__Activity__:
Each line below from the "This is your" line through the "Kadın Palazzo Pantolon;" line, those two included, must be restated word for word; the pictures must not be.

__The input__:
########

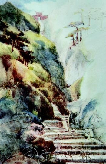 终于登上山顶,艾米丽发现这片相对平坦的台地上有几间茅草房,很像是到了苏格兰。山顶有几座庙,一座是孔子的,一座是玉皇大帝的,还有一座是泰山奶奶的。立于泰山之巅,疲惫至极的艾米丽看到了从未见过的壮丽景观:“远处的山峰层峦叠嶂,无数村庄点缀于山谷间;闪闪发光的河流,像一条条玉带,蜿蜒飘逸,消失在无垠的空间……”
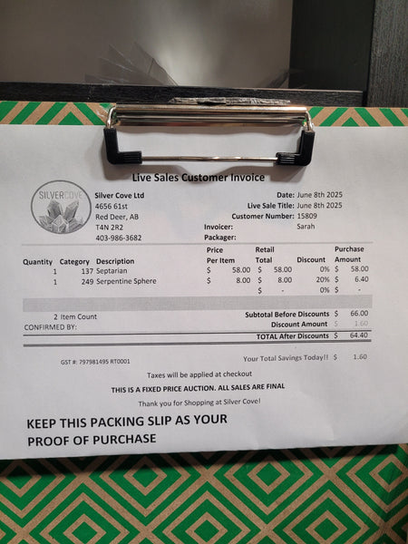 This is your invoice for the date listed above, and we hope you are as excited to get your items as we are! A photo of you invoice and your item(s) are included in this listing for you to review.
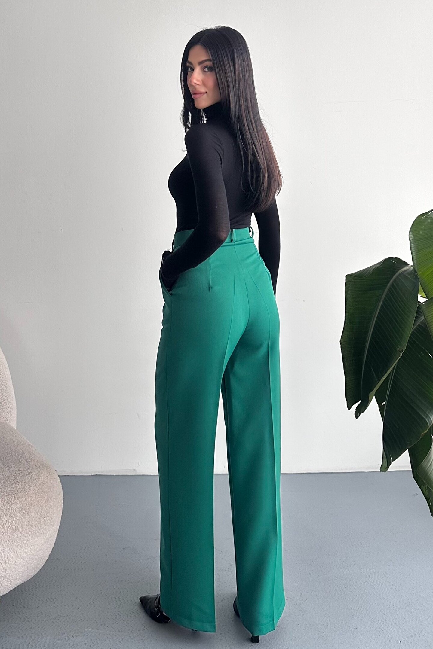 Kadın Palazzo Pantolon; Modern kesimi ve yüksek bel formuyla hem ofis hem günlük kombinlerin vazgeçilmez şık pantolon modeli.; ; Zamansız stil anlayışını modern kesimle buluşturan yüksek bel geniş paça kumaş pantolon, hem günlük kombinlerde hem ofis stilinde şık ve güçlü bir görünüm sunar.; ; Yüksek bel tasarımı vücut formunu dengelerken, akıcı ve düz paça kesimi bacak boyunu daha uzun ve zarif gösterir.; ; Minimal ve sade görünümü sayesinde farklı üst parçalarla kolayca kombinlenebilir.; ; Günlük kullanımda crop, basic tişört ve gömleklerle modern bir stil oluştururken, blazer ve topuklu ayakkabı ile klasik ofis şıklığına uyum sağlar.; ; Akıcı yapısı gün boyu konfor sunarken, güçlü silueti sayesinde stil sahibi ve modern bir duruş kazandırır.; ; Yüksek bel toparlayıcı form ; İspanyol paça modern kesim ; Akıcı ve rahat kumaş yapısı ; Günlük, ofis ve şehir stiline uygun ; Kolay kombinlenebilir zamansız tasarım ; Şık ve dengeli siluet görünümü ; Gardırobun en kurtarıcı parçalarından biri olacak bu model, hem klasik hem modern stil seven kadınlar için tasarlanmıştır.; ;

########

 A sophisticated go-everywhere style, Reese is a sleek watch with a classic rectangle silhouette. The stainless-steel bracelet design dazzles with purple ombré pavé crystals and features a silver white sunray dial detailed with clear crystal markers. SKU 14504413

########

__Your response__:
 This is your invoice for the date listed above, and we hope you are as excited to get your items as we are! A photo of you invoice and your item(s) are included in this listing for you to review.
 Kadın Palazzo Pantolon; Modern kesimi ve yüksek bel formuyla hem ofis hem günlük kombinlerin vazgeçilmez şık pantolon modeli.; ; Zamansız stil anlayışını modern kesimle buluşturan yüksek bel geniş paça kumaş pantolon, hem günlük kombinlerde hem ofis stilinde şık ve güçlü bir görünüm sunar.; ; Yüksek bel tasarımı vücut formunu dengelerken, akıcı ve düz paça kesimi bacak boyunu daha uzun ve zarif gösterir.; ; Minimal ve sade görünümü sayesinde farklı üst parçalarla kolayca kombinlenebilir.; ; Günlük kullanımda crop, basic tişört ve gömleklerle modern bir stil oluştururken, blazer ve topuklu ayakkabı ile klasik ofis şıklığına uyum sağlar.; ; Akıcı yapısı gün boyu konfor sunarken, güçlü silueti sayesinde stil sahibi ve modern bir duruş kazandırır.; ; Yüksek bel toparlayıcı form ; İspanyol paça modern kesim ; Akıcı ve rahat kumaş yapısı ; Günlük, ofis ve şehir stiline uygun ; Kolay kombinlenebilir zamansız tasarım ; Şık ve dengeli siluet görünümü ; Gardırobun en kurtarıcı parçalarından biri olacak bu model, hem klasik hem modern stil seven kadınlar için tasarlanmıştır.; ;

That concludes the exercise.